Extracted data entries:
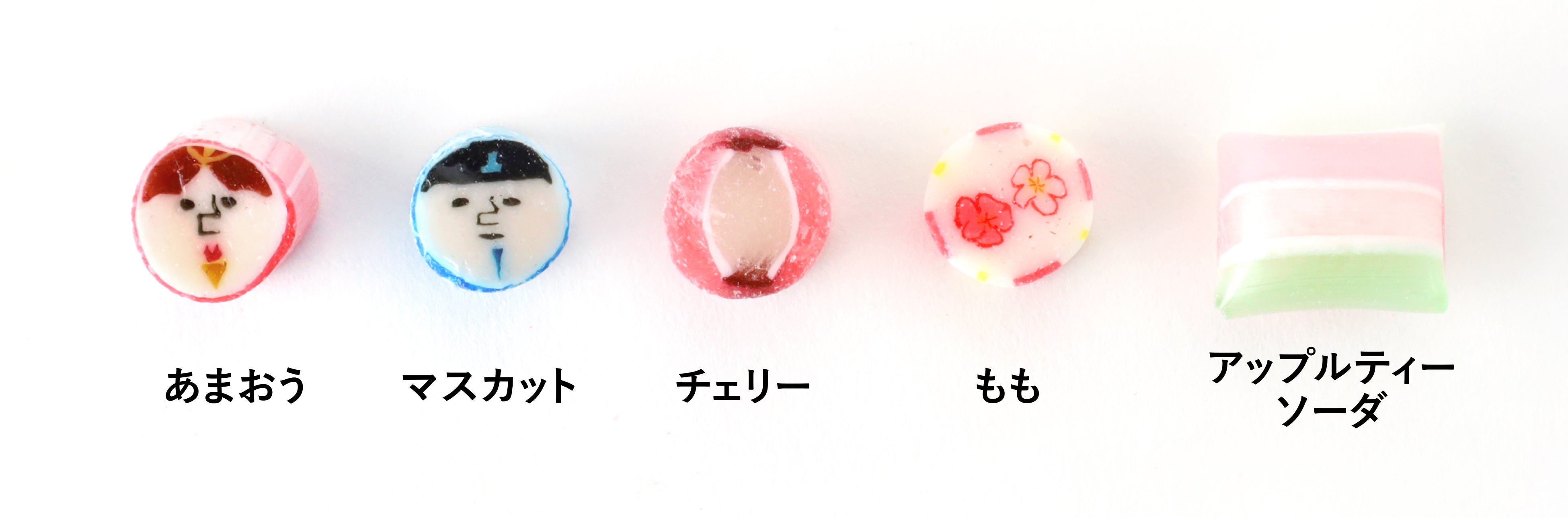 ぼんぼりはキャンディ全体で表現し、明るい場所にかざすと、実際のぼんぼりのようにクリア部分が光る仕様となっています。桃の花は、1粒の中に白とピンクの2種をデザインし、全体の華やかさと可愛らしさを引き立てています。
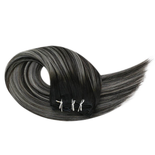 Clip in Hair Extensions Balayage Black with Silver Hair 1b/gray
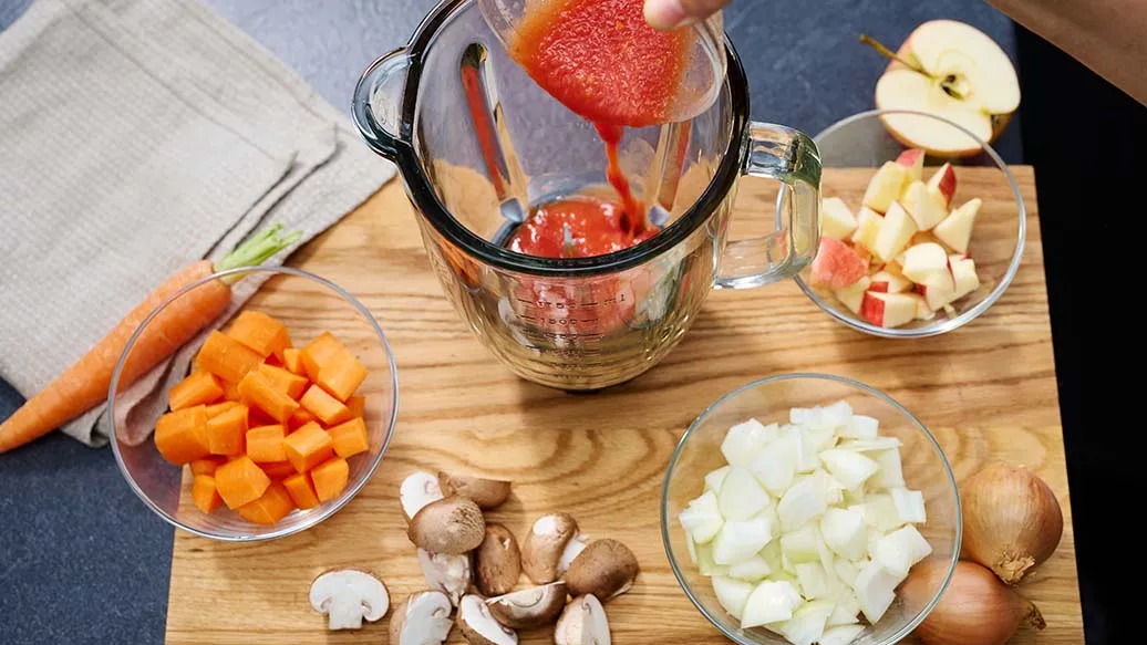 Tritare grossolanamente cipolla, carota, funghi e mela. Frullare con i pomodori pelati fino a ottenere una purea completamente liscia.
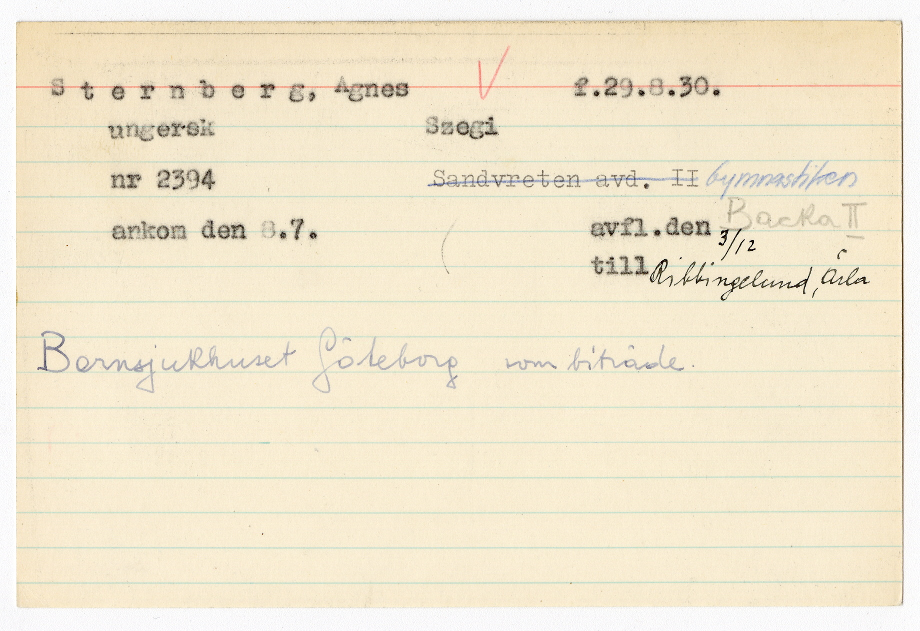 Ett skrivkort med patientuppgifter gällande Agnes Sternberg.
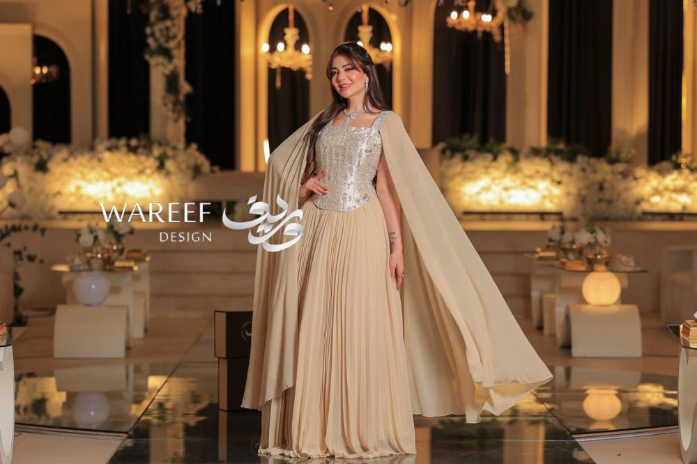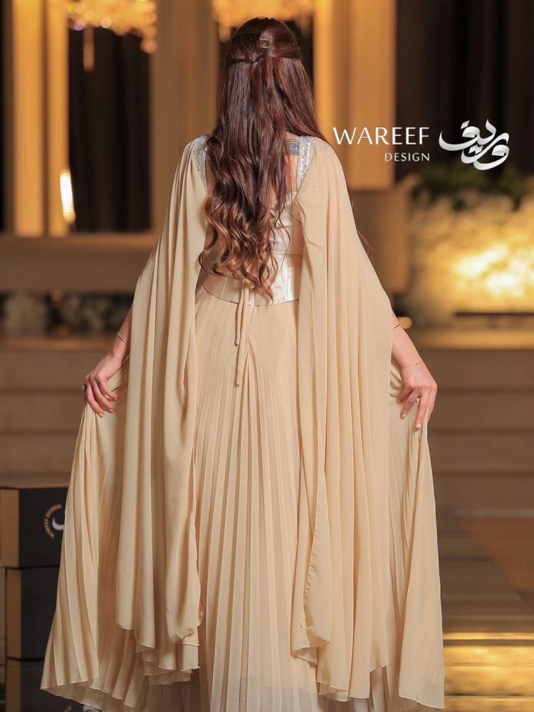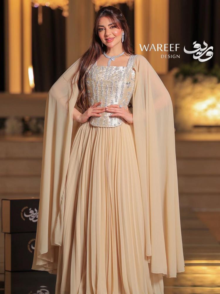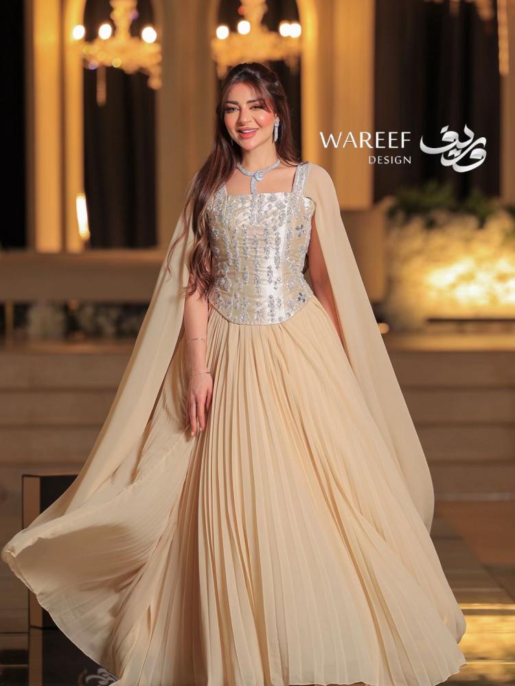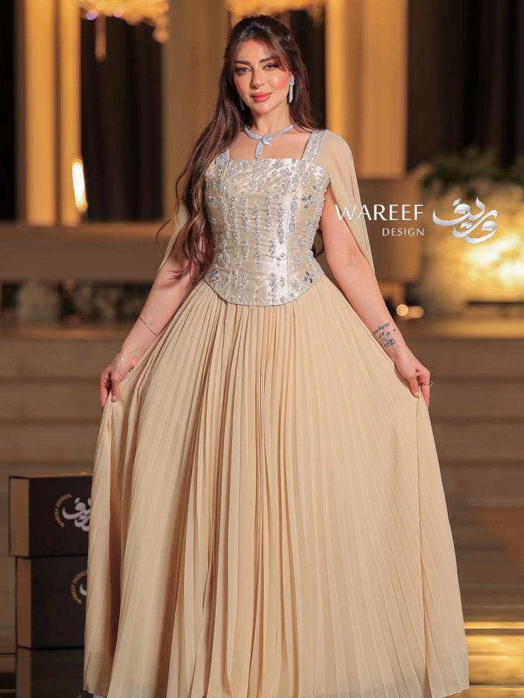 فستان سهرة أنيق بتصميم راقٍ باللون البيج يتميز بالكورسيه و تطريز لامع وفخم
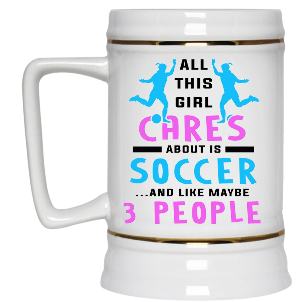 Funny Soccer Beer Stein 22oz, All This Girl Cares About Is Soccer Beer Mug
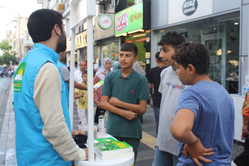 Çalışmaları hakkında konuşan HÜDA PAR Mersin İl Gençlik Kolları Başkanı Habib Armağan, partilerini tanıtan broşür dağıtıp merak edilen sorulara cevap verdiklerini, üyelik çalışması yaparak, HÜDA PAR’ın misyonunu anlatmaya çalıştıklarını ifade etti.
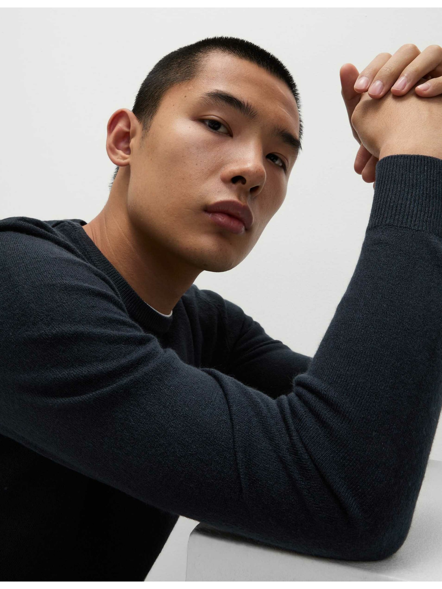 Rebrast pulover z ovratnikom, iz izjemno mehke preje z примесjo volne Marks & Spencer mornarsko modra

### WHAT YOU SHOULD DO
What is needed is an exact restatement of every line from the one containing "Tritare grossolanamente cipolla, carota, funghi" through the last line of the records, pictures left out.

### RESPONSE BELOW
 Tritare grossolanamente cipolla, carota, funghi e mela. Frullare con i pomodori pelati fino a ottenere una purea completamente liscia.
 Ett skrivkort med patientuppgifter gällande Agnes Sternberg.
 فستان سهرة أنيق بتصميم راقٍ باللون البيج يتميز بالكورسيه و تطريز لامع وفخم
 Funny Soccer Beer Stein 22oz, All This Girl Cares About Is Soccer Beer Mug
 Çalışmaları hakkında konuşan HÜDA PAR Mersin İl Gençlik Kolları Başkanı Habib Armağan, partilerini tanıtan broşür dağıtıp merak edilen sorulara cevap verdiklerini, üyelik çalışması yaparak, HÜDA PAR’ın misyonunu anlatmaya çalıştıklarını ifade etti.
 Rebrast pulover z ovratnikom, iz izjemno mehke preje z примесjo volne Marks & Spencer mornarsko modra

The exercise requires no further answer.